NATCHITOCHES PHYSICIAN USES EMERGING TECHNOLOGY TO GIVE HOPE TO VICTIMS OF HANSEN’S DISEASE

Dr. Stephen Wheat Pioneers Use of Hand-Held Ultrasound for Early Leprosy Diagnosis

Sometimes it takes the isolation of a pandemic to allow a mind to journey uninterrupted to discovery. It was during the great plague of London that Sir Isaac Newton developed Calculus, the spectrum, and started his study of the laws of motion. It has been during the Covid-19 pandemic that Natchitoches electrodiagnostic specialist Dr. Stephen Wheat discovered that using the emerging technology of a hand-held ultrasound could give new hope to the greater than four million individuals worldwide suffering with undiagnosed leprosy.

In January of 2019, Dr. Wheat began to successfully use the emerging technology of a hand-held ultrasound known as the Butterfly iQ in his neuromuscular and skeletal electrodiagnostic specialty. The Butterfly iQ is one the world’s first dependable, hand-held, whole body ultrasound devices portable enough to be used with a smartphone or tablet. Dr. Wheat began to hypothesize how using a “pocket” ultrasound device such as the affordable Butterfly IQ might change the efficacy with which the world diagnosed this terrible disease, especially in remote countries where the disease often goes undiagnosed.

Having attended medical school in Louisiana and specialized in both internal medicine and physical medicine before becoming an electro diagnostician, Dr. Wheat was familiar with the National Hansen’s Disease Clinical Center, the only institution in the U.S. exclusively devoted to leprosy consulting, research, and training. He was also aware of the challenges to diagnosing Hansen’s Disease, and had learned that high resolution ultrasound was a newer technology being brought into the diagnostic process.
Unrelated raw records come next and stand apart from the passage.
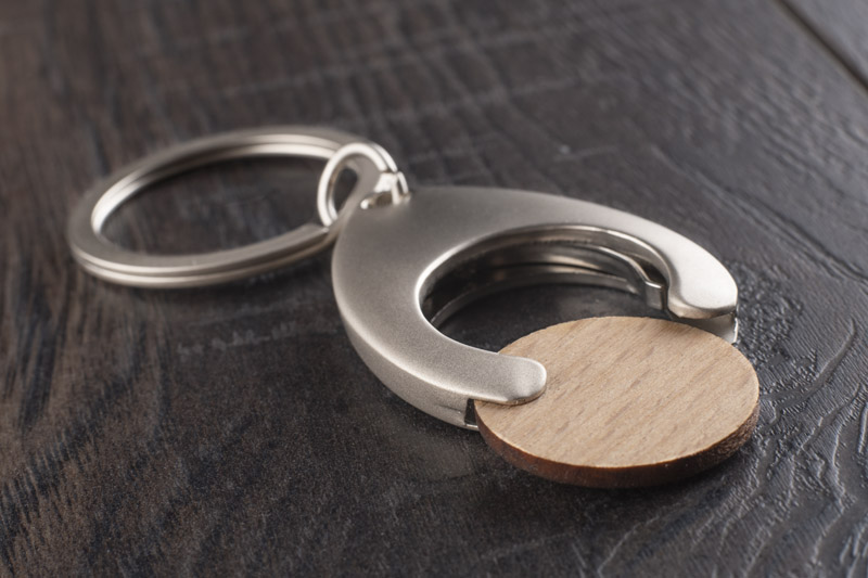 BC17872 Brelok metalowy wraz z żetonem wykonanym z drewna mebli po recyklingu. Żeton pasuje do wózków sklepowych. Zapakowany w brązową kopertę.
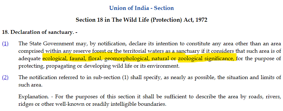 पंजवानी ने वन्यजीव संरक्षण अधिनियम, 1972 का उदाहरण दिया जिसकी धारा 18 में राज्यों को एक अभयारण्य को अधिसूचित करने के दिशानिर्देश दिए गए हैं।
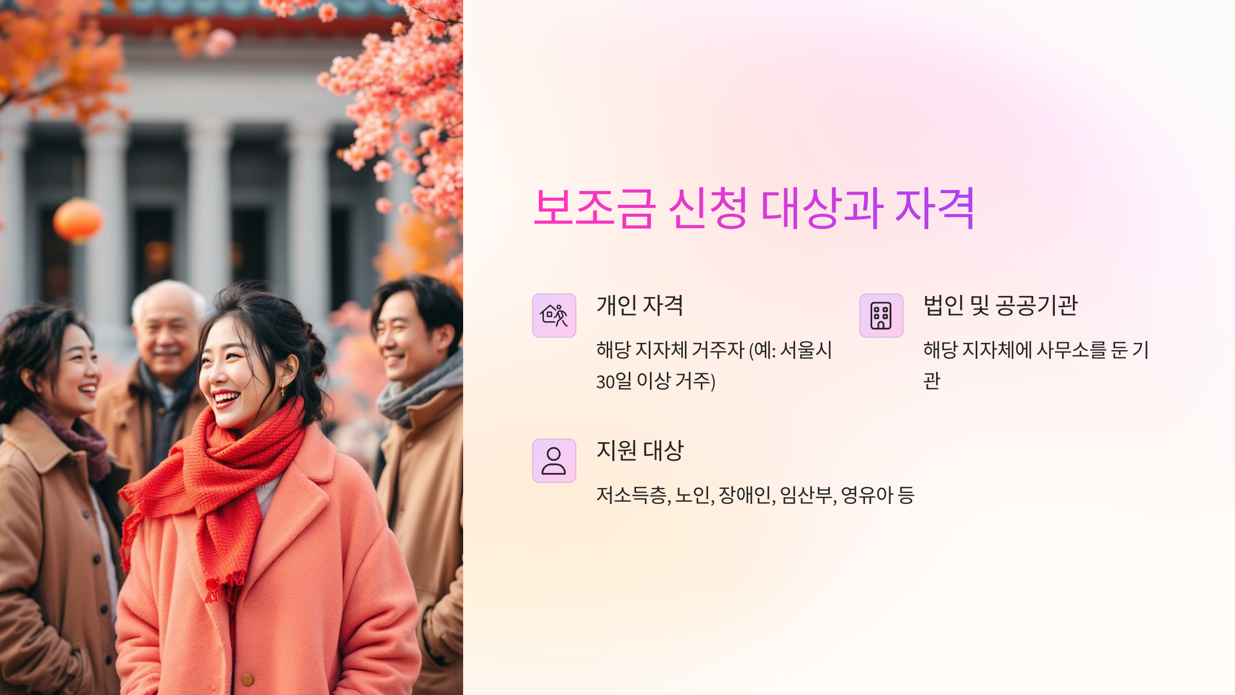 보조금은 아무나 받을 수 있는 건 아니에요. 신청 가능한 대상은 정부와 지자체가 정한 일정 조건을 만족해야 해요.
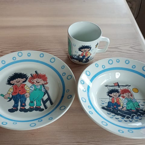 To krus og en asjett i serien "Mormor og de åtte ungene". Alle deler fremstår svært pene/lite brukt. Krusene har høyde 9 cm, diameter 8,5 cm. Asjetten har diameter 20,5 cm.
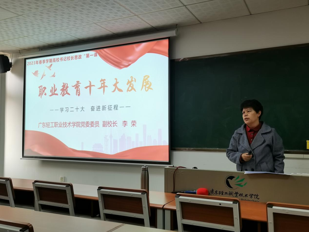2月27日上午,广东轻工职业技术学院党委委员、副校长李荣教授在南海校区南校区四号楼304教室,以“职业教育十年大发展——学习二的十大精神 奋进新征程”为题,为精化211和精化212班同学讲授“思政第一课”。
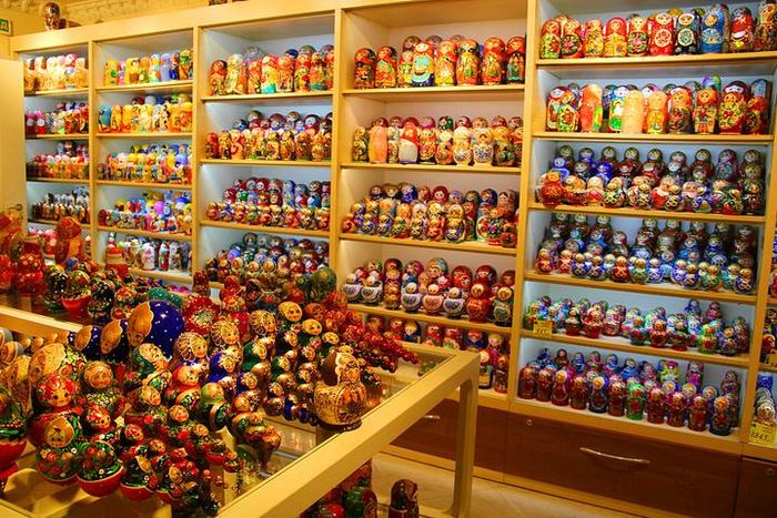 (5)俄罗斯套娃是俄罗斯特产的木制玩具,一般由多个一样图案的空心木娃娃一个套一个组成,最多可达十多个,通常为圆柱形,底部平坦可以直立。颜色有红色,蓝色,绿色,紫色等。最普通的图案是一个穿着俄罗斯民族服装的姑娘,叫做“玛特罗什卡”,这也成为这种娃娃的通称。这种套娃做工很精美颜色搭配也很鲜艳,摆在家里是很好看的工艺品,送给小朋友他们也会十分喜欢的哦!
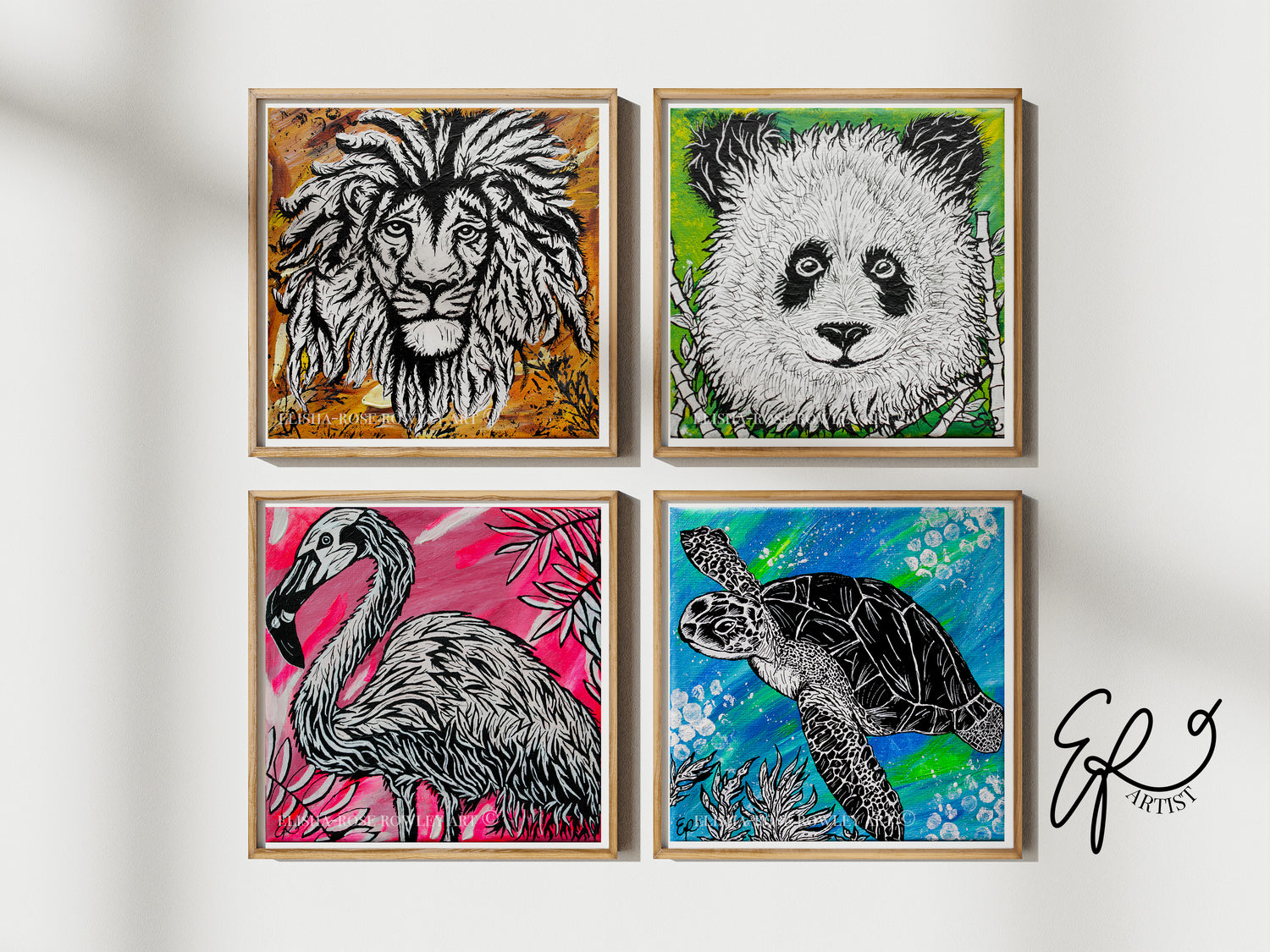 Discover the joy of vibrant illustrated prints by Elisha-Rose Rowley, from captivating travel scenes to the surprising wonders of 'Unexpected Pairings' - This delightful series features charming illustrations of animals in quirky situations, including pandas who find toilet paper irresistible, frogs leaping from champagne glasses and dogs diving into donuts.

Dr. Wheat’s work with ultrasound in his electrodiagnostic specialty and his interest in using this emerging technology in the diagnosis of leprosy became known to Michael Stephen Cartwright, MD, professor of Neurology at Wake Forest School of Medicine. Cartwright was working with the National Hansen’s Disease Center’s Chief Medical Officer Dr. Barbara M. Stryjewska and the Louisiana State University Veterinary Center in Baton Rouge, where the nine-banded armadillo was being used in Leprosy research. Cartwright asked Wheat if he would travel to the Vet Center to test his theory of the efficacy of using the hand-held ultrasound on the nine-banded armadillo, the only other natural host for leprosy besides humans.

After months of research, human and nine-banded armadillo trials, and much discussion among Wheat, Stryjewska, and Cartwright, this esteemed team proposes that using a hand-held ultrasound, such as the Butterfly iQ that is 1/10th the cost of larger ultrasound machines, will make the diagnosis of Hansen’s Disease affordable in any city in America, any location in the world. “This can transform medical missionary work,” says Dr. Wheat, who has worked as a medical missionary in Kenya East Africa.

The Bible often referred to people with leprosy as “unclean” and placed them “outside the camp.” In medieval Spain, victims of leprosy were declared legally dead and their property dispersed. In Norway, Hansen’s Disease patients had cowbells placed around their necks to warn others of their coming. Mohammed advised his followers to flee lepers as one would a lion. It is estimated that today three million people worldwide are living with the irreversible disabilities resulting from Leprosy. Drs. Wheat, Stryjewska, and Cartwright are excited about the opportunity to diagnose this reversible but dreaded disease earlier and faster across the globe, and to give those millions of people suffering with undiagnosed Leprosy a fighting chance for a cure against this historically dreaded illness.